Sometimes (often?) I feel like the only sane person on Earth. I’ll amend that. Just you and I are the sane ones.

What has gotten me going today is two things: Rand Paul and Husky Stadium.  Let’s take Paul first. He has come out and said that people who work don’t have time to do heroin. What planet is this idiot on?

He goes on to say that we need to get more people working and that will stop drug addiction.

Really?

As I said, what planet is he on?

I have to wonder if Paul really believes what he says. If he does, he’s truly an idiot. How can a guy like him run for president and think anybody will vote for him?

The things I read and see have me believing that I have overstayed my visit to Earth. Maybe I’m the one who is not sane and is an idiot. Maybe the world has passed me by. Maybe it’s time to check out.

Husky Stadium.

Let me go back a bit on this one. For nearly 30 years I covered Washington football for the Bremerton Sun (now Kitsap Sun) and in all that time there was never to my recollection a sign of advertising at the facility.
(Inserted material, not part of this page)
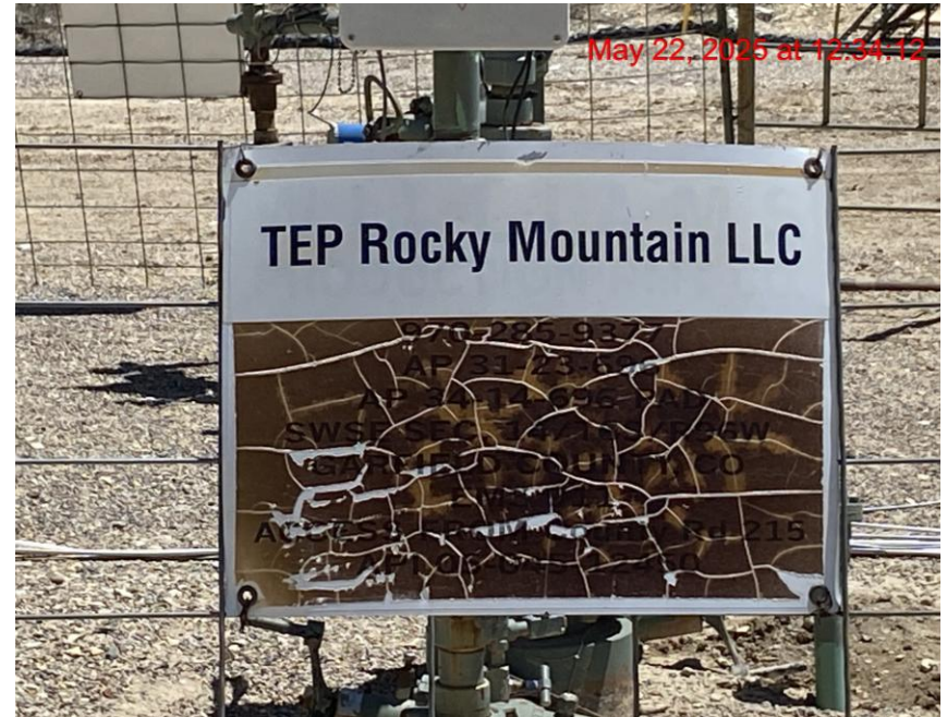
Illegible Wellhead Sign – Photo #09060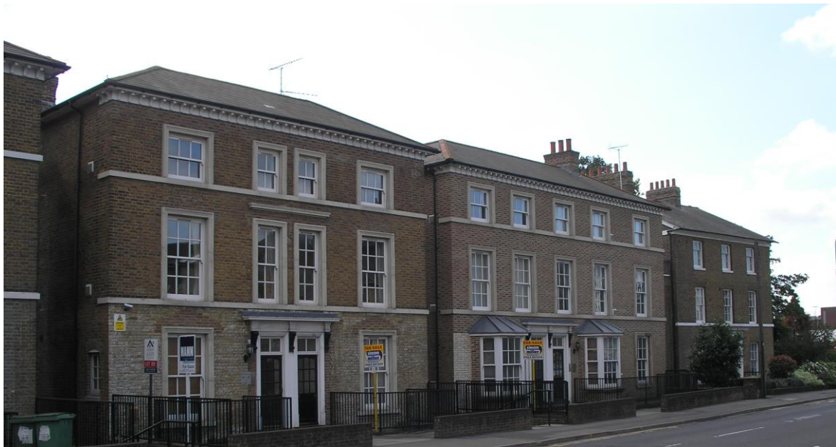
Ashford Road – a restrained Classical style

4.1.4 The dominant architectural style is a restrained classicism, and most buildings are characterised by such features as small-paned vertically-sliding sash windows of painted timber, panelled doors (often with fanlights above), door-cases or canopies and fine rubbed-brick arches or Italianate cornices over openings. The predominant building materials are yellow stock brick and natural slate roofs of low pitch, although there are some examples of stucco and red brick. Large, multiple-flued chimney stacks with chimney pots (some original), often positioned on flank walls, are noticeable features of the area.

Then, about seven or eight years ago I went back for the first time (before the remodel) and when I walked in I was stunned with all the signage around the stadium.  It was unbelievable. And, to me, it was very distasteful.

Now, also today, there is a Seattle Times story revealing that Alaska Airlines has purchased naming rights for Husky Stadium for $41 million over the next 10 years. It will now be called Alaska Airlines Field at Husky Stadium.

We have become mad. Everything, it seems, can be bought for a price. Nothing is pure anymore. I supposed someday a huge company (Google) or maybe Putin will buy the rights to Earth. It will be called Google Earth. Oh, wait, there is already a Google Earth.

I really think I have gotten too old and stayed around too long.  The next thing you know there will be a trial over a simple things as a deflated football. Oh yeah, I forgot there really was a trial for that.

That is stupid, also. Who cares if Tom Brady or any quarterback lets some air out of a football so he can better throw it. I think all quarterbacks should have some leeway in the amount of air in a football. Not all hands are equal. Some quarterback hands may need a little help to better grip the football. Remember the Seahawks’ Dave Krieg and his problem with fumbles? It’s because he had small hands. He would have been helped with a deflated football.

I was a quarterback as a kid so I know how much it would have helped to have a ball with a little less air in it. It’s the same with a basketball. There were a couple times when I played that the basketball was pumped up too much and was too slick for me. I could have used Brady’s equipment boy in those instances.

I don’t really want to talk about the Trumpster anymore. He’s a bombastic clown who will eventually be taken down. But what if by a small miracle he gets elected president? Wouldn’t that be great?

Can you imagine the things he would say? He’d tell Putin a wall is going to be built around Russia and Putin is going to pay for it. And he’d tell those mullahs in Iran that if they didn’t stop exporting terrorism he would impose a heavy export tax on them. It would be great, too, he would say, and that will stop them.

He would have Sarah Palin as his vice president because, he would say, she is not a slob or fat like the rest of those women. And he would remodel the White House to add 78 stories to it and call it the Trump White House.

Any war he would start, and he would start many, he’d force the enemies to pay for them. They’d be great wars, too, because anything he does is great.

I can’t wait. I might even postpone my exit from this Earth just to witness the Trump Madness.

Enough of this madness today. I need a rest.

Be well pal.

Be careful out there.

Have a great day.

You are loved.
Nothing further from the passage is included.